Meu querido José
Por cá continuo eu, em Celorico, neste recanto de verdes
folhagens de vinho e broa, recanto de águas e de céu ao qual me atrevo a chamar
casa.
Como já lhe havia contado no domingo passado (…), (…) é
sempre interessante observar Efraim por entre as botoeiras das rosas, regando
os canteiros de flores e de ervas aromáticas. De mangas de camisa arregaçadas,
de galochas e calças de ganga, Efraim assemelha-se a um daqueles Jacintos que
Eça tão bem descreve por terras de Tormes. Com a dourada idade dos cinquenta e
cinco anos, Efraim, o formidável judeu rejuvenesce por entre estas alamedas de
tílias, vinhedos e castanheiros. O semita supercitadino rende-se ao silêncio
dos sulcos de terra molhada pelas águas dos tanques matutinos. Enquanto Efraim
se dedica a esta vida campestre, sólida, saudável e robusta, vou caminhando
pelos largos que me viram menino e moço. São os adros de granito cinzento que
ressoam um sino que teima a dobrar, é o pequeno passeio entre a casa do adro da
igreja; são os largos portões ante-enferrujados, negros ou verdes, que estendem
os seus braços de ramadas e de heras labirínticas que abrem caminhos a casas
caiadas de branco, de janelas abertas e de meninas que corriam com fitas no
cabelo. São as longas salas de minha casa, o piano de cauda onde minha tia
tocava algumas peças de Debussy e de Schumann enquanto o velho padre Serafim,
no seu sofá coberto de rendas, dormia beatificamente, ou rilhava uma bailarina
ou pão-de-ló com um cálice daquele vinho do Porto tratado, que vinha das terras
de meu pai, em Alijó. Ainda hoje consigo escutar as notas de uma rêverie, de um träumerei. E tantas outras memórias, jovem das aventuras de papel!

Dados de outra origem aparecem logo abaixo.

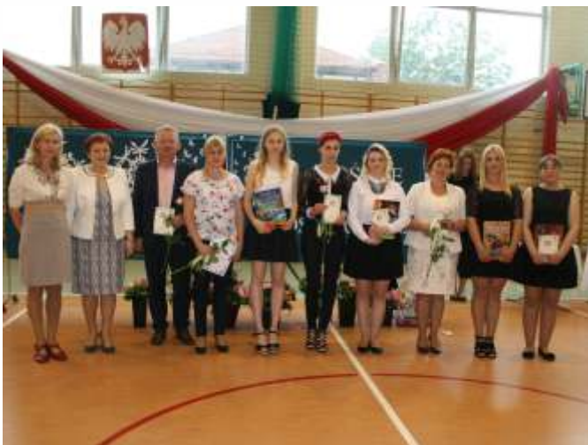
Wyróżnione absolwentki kl. III a z rodzicami i pracodawcami
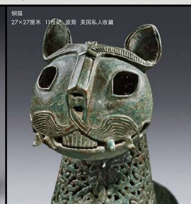
铜猫 27×27厘米 11世纪 波斯 美国私人收藏
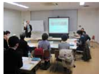
事業計画ブラッシュアップ ワークショップ
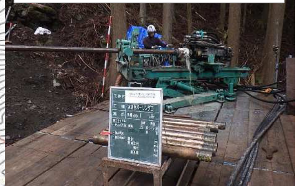
源頭部①工事 削孔状況写真
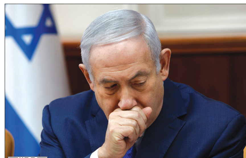
رئيس وزراء الاحتلال بنيامين نتنياهو

عواصم - وكالات: قالت الشرطة الإسرائيلية أمس ان تحقيقها توصل إلى أدلة كافية لتوجيه اتهامات الرشوة والاحتيال إلى رئيس الوزراء بنيامين نتنياهو وزوجته بمنحها صفقة تفضيلية لشركة بيزك للاتصالات مقابل تغطية أكثر إيجابية له ولزوجته على موقع «والا» الإخباري المملوك للشركة في ثالث قضية فساد ضدّه. وقالت الشرطة في بيان مشترك مع سلطة الأوراق المالية الإسرائيلية أنها توصلت أيضاً إلى ما يكفي من الأدلة لاتهام المساهم صاحب الحصة المسيطرة في بيزك بالرشوة، وكذلك مسؤولون آخرون في الشركة. وجاء في البيان «الاشتباه الرئيسي هو أن رئيس الوزراء تلقى رشي وتصرف بشكل ينطوي على تضارب في المصالح بالتدخل واتخاذ قرارات تنظيمية لصالح شاؤول الوفيتش وبيزك وبالتالي مع ذلك طلب بصورة مباشرة وغير مباشرة التدخل في محتوى موقع والا عواصم - وكالات: قالت الشرطة الإسرائيلية أمس ان تحقيقها توصل إلى أدلة كافية لتوجيه اتهامات الرشوة والاحتيال إلى رئيس الوزراء بنيامين نتنياهو وزوجته بمنحها صفقة تفضيلية لشركة بيزك للاتصالات مقابل تغطية أكثر إيجابية له ولزوجته على موقع «والا» الإخباري المملوك للشركة في ثالث قضية فساد ضدّه. وقالت الشرطة في بيان مشترك مع سلطة الأوراق المالية الإسرائيلية أنها توصلت أيضاً إلى ما يكفي من الأدلة لاتهام المساهم صاحب الحصة المسيطرة في بيزك بالرشوة، وكذلك مسؤولون آخرون في الشركة. وجاء في البيان «الاشتباه الرئيسي هو أن رئيس الوزراء تلقى رشي وتصرف بشكل ينطوي على تضارب في المصالح بالتدخل واتخاذ قرارات تنظيمية لصالح شاؤول الوفيتش وبيزك وبالتالي مع ذلك طلب بصورة مباشرة وغير مباشرة التدخل في محتوى موقع والا

Lembra-se daquilo que lhe disse, na tarde de domingo, a propósito das
biografias de Fradique e de Veiga? Não se esqueça! As palavras consomem-nos por
dentro, tanto quanto o silêncio que a música proporciona. É a realidade, jovem
frenético, mas não hoje. Se a literatura é a arte da palavra e da voz, não é
menos verdade que também seja a arte do silêncio, do olhar e do recolhimento.
Música e Literatura são filhas do silêncio e do silêncio precisam para que
consigamos alcançar os segredos mais absolutos, mas sempre aquém do Absoluto. A
Arte trata-se de pequenos absolutos que guardam em si um Absoluto maior, o
Absoluto. Cada obra de arte, cada escultura, cada pintura, cada composição,
cada soneto, cada romance, cada edifício, cada tragédia, cada mulher é a
centelha do absoluto, do divino e do indefinido. E veja bem aonde me levaram as
portas e as salas da minha casa de Celorico: ao Indefinido, ao Absoluto!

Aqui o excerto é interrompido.